* [To do] An exact copy of every entry below is required, and no picture may appear in it.

Dataset excerpts

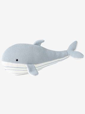 Width: 15 cm. Top part knitted Bottom part in striped cotton MORE INFORMATION: Suitable from birth Great gift idea for newborn babies Soothes the baby Stimulates their senses Creates affectional bonds Whale soft toy in 100% cotton.
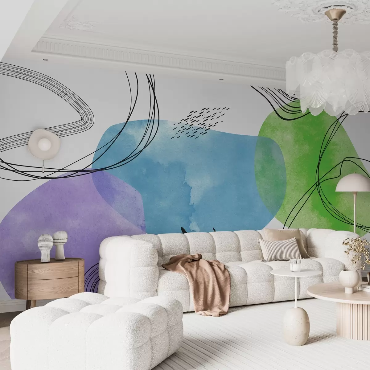 Stenske poslikave Barvite abstraktne oblike v harmoniji Št. w00584
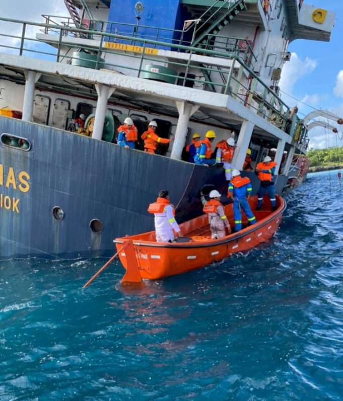 KUPANG, NTT – Maspolin.id|| Personel Ditpolairud Polda Nusa NTT melakukan aksi penyelamatan terhadap para awak kapal kargo MV Kuala Mas yang tenggelam di perairan Pelabuhan Polairud Desa Bolok, Kecamatan Kupang Barat, Kabupaten Kupang pada Sabtu kemarin.
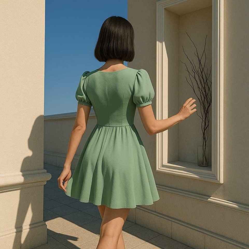 Kadın Kısa Kollu Yakası Açık Katlı Bürümcük Balon Elbise
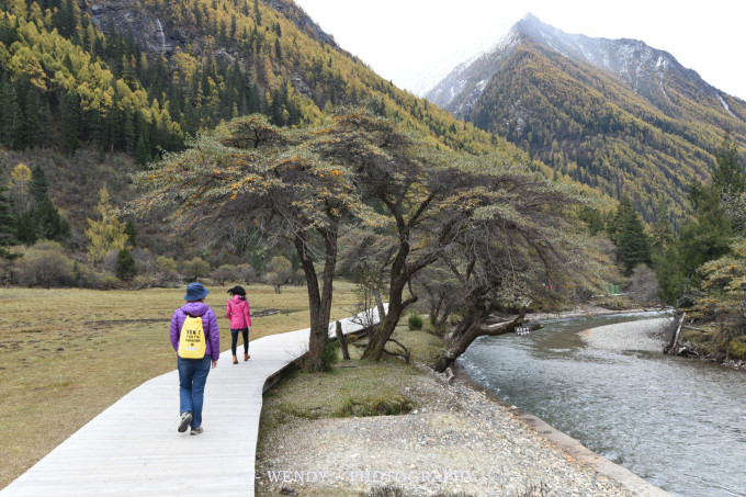 这里是两山间一片开阔草滩,可能是由于我到的季节是深秋,所以满眼望去,是一片金灿灿的,牦牛悠闲的吃着草。一条溪流流过这里,两岸是挺拔峻奇的山峦。这里还可以漂流,一次60元,不然,就可以沿着木栈道,走上1.2公里,也是不错的体验,不会很累。
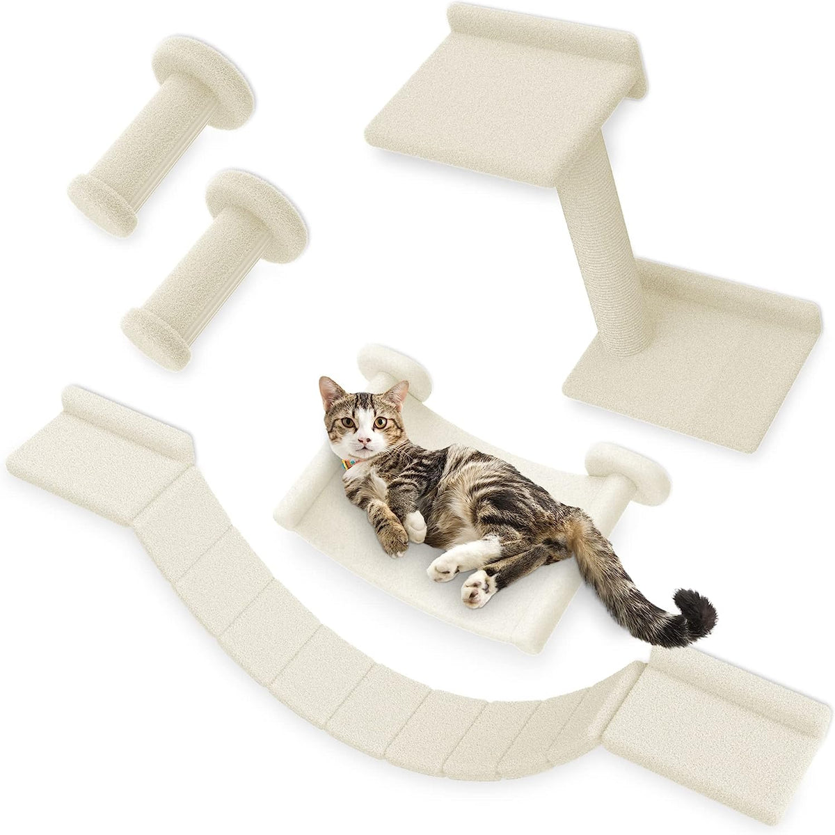 Modulare Katzen Kletterwand - 5-in-1 Set Aus Birkenholz Mit Katzenbett
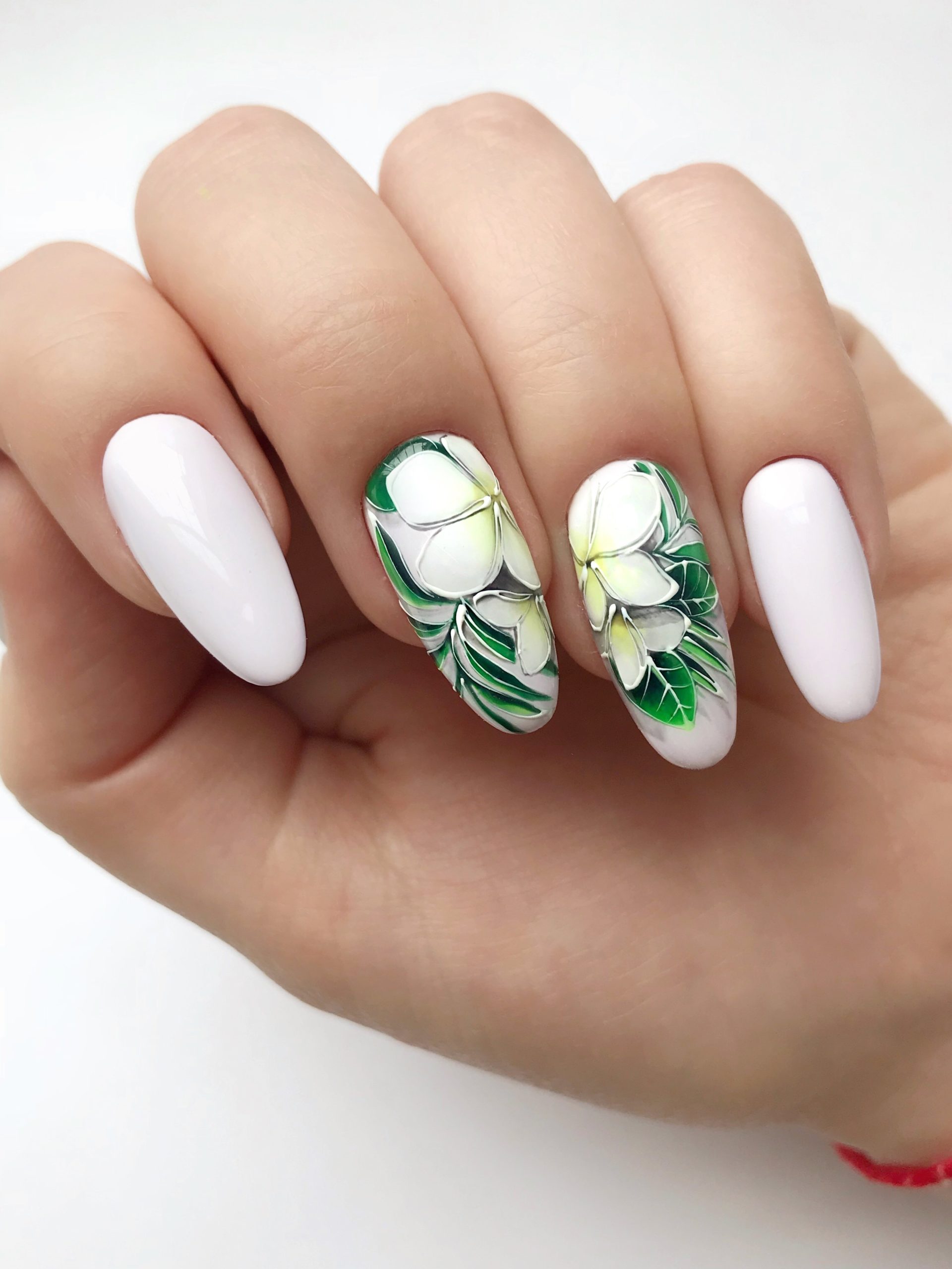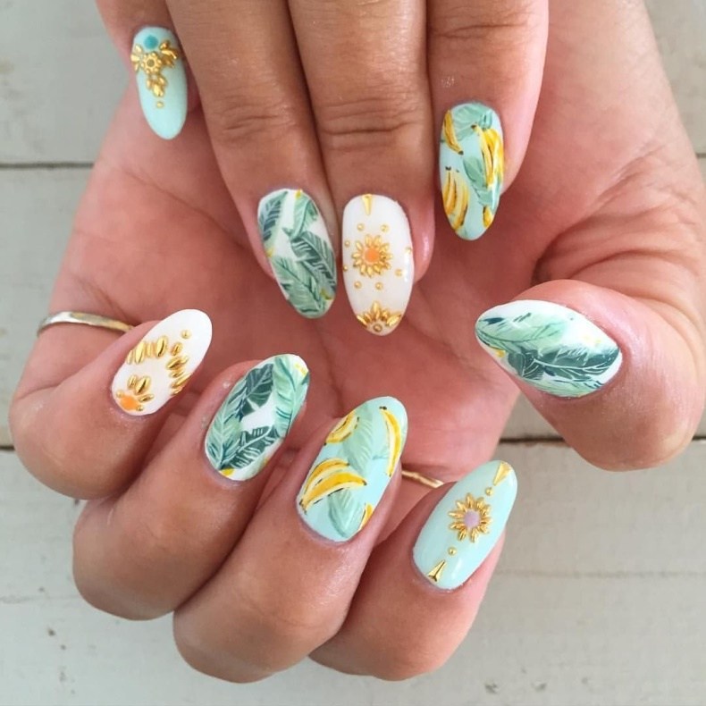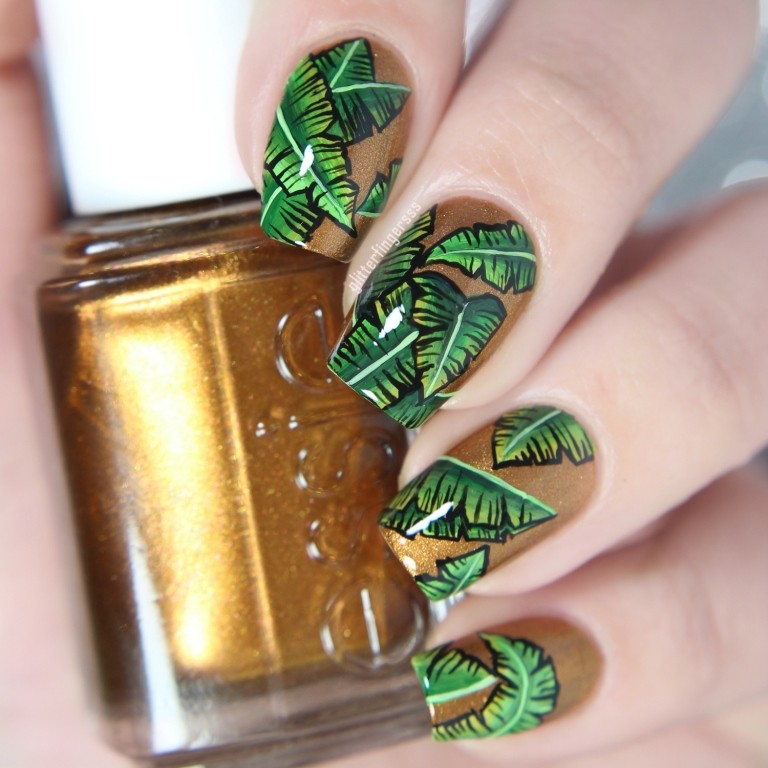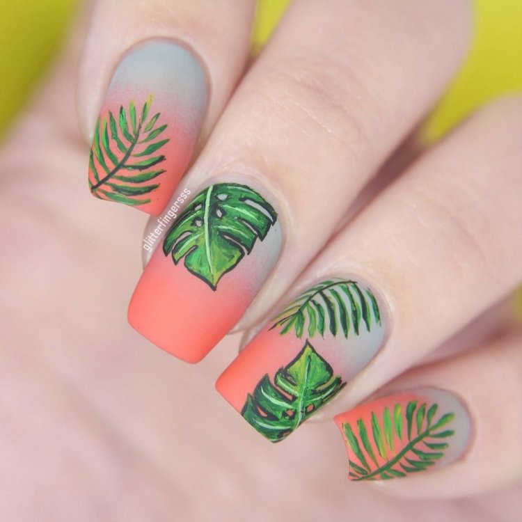 Тропические растения придадут необычности образу. Такой дизайн можно сделать перед поездкой в отпуск, заменив приевшуюся уже морскую тему. Не стоит ограничиваться привычными ветками пальмы, добавляйте в дизайн кокосы, цветы и другие яркие детали.
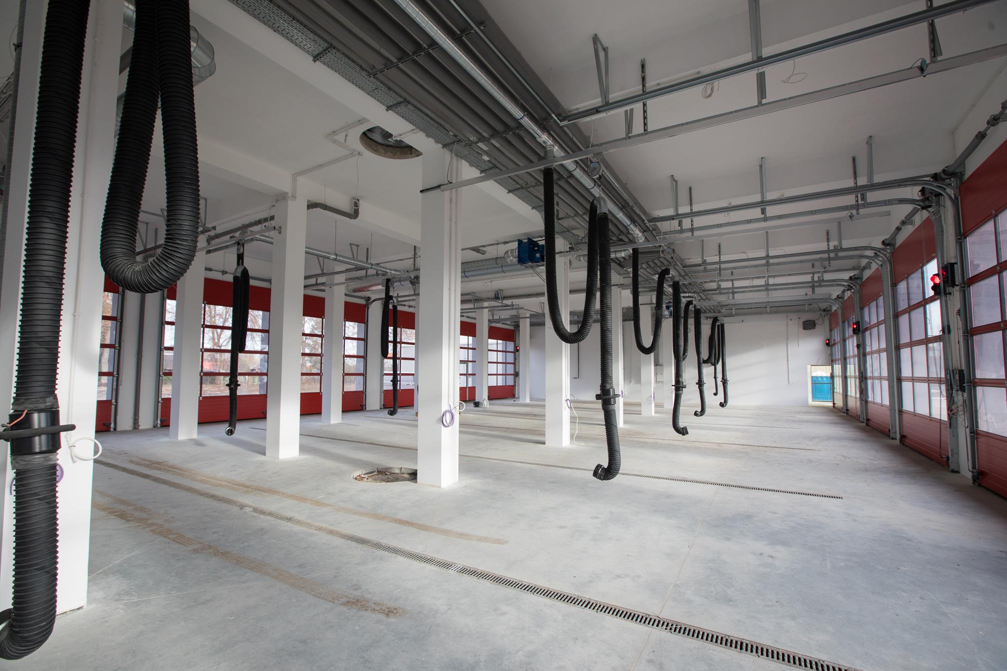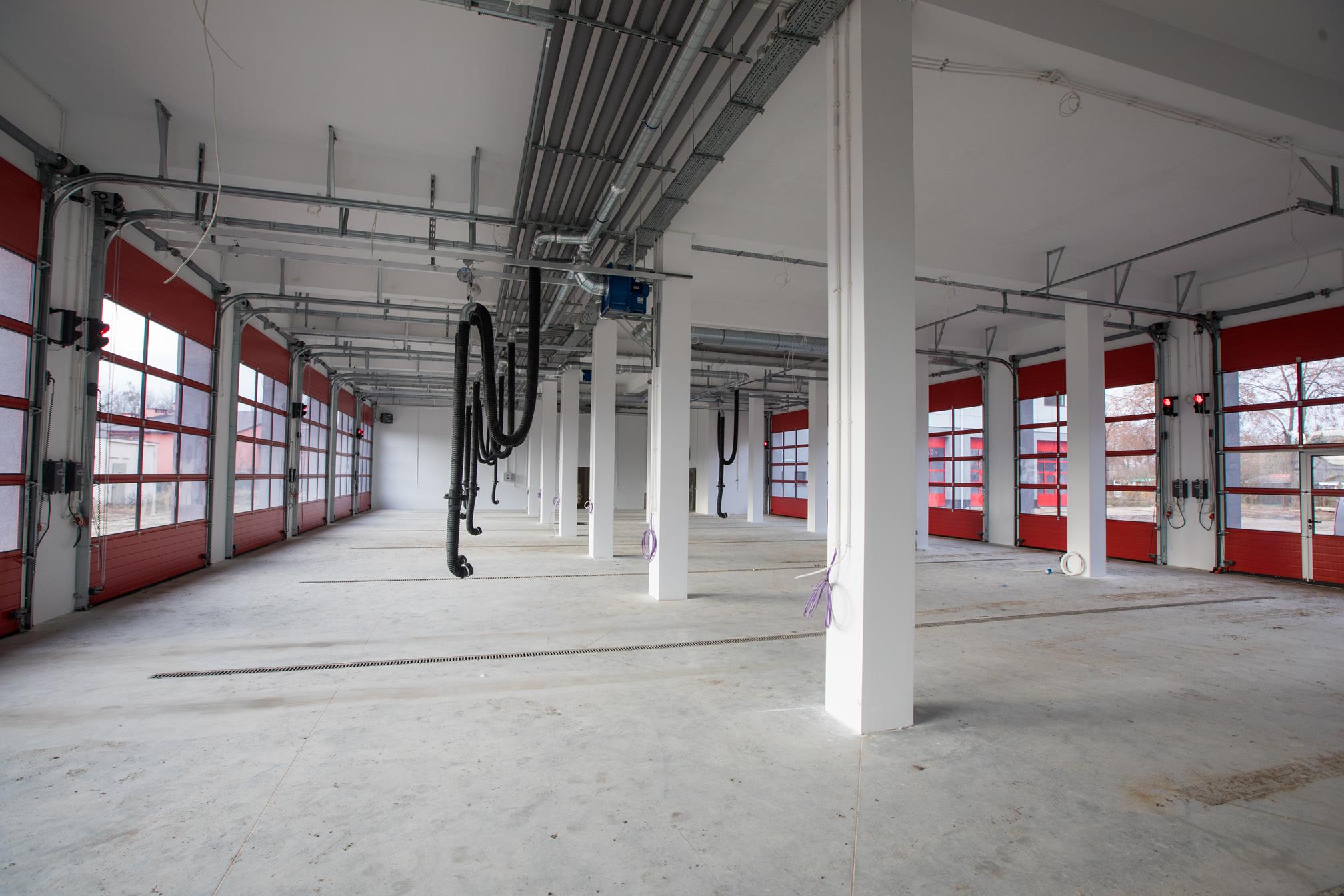 Prace tego etapu obejmowały : montaż instalacji fotowoltaicznej, montaż bram garażowych, odciąg miejscowy spalin, montaż klimatyzatorów oraz instalacji wentylacyjnej, montaż grzejników i nagrzewnic wodnych, montaż sufitów podwieszanych, wykonanie gładzi gipsowych oraz montaż agregatu prądotwórczego.

* [Expected answer]
 Width: 15 cm. Top part knitted Bottom part in striped cotton MORE INFORMATION: Suitable from birth Great gift idea for newborn babies Soothes the baby Stimulates their senses Creates affectional bonds Whale soft toy in 100% cotton.
 Stenske poslikave Barvite abstraktne oblike v harmoniji Št. w00584
 KUPANG, NTT – Maspolin.id|| Personel Ditpolairud Polda Nusa NTT melakukan aksi penyelamatan terhadap para awak kapal kargo MV Kuala Mas yang tenggelam di perairan Pelabuhan Polairud Desa Bolok, Kecamatan Kupang Barat, Kabupaten Kupang pada Sabtu kemarin.
 Kadın Kısa Kollu Yakası Açık Katlı Bürümcük Balon Elbise
 这里是两山间一片开阔草滩,可能是由于我到的季节是深秋,所以满眼望去,是一片金灿灿的,牦牛悠闲的吃着草。一条溪流流过这里,两岸是挺拔峻奇的山峦。这里还可以漂流,一次60元,不然,就可以沿着木栈道,走上1.2公里,也是不错的体验,不会很累。
 Modulare Katzen Kletterwand - 5-in-1 Set Aus Birkenholz Mit Katzenbett
 Тропические растения придадут необычности образу. Такой дизайн можно сделать перед поездкой в отпуск, заменив приевшуюся уже морскую тему. Не стоит ограничиваться привычными ветками пальмы, добавляйте в дизайн кокосы, цветы и другие яркие детали.
 Prace tego etapu obejmowały : montaż instalacji fotowoltaicznej, montaż bram garażowych, odciąg miejscowy spalin, montaż klimatyzatorów oraz instalacji wentylacyjnej, montaż grzejników i nagrzewnic wodnych, montaż sufitów podwieszanych, wykonanie gładzi gipsowych oraz montaż agregatu prądotwórczego.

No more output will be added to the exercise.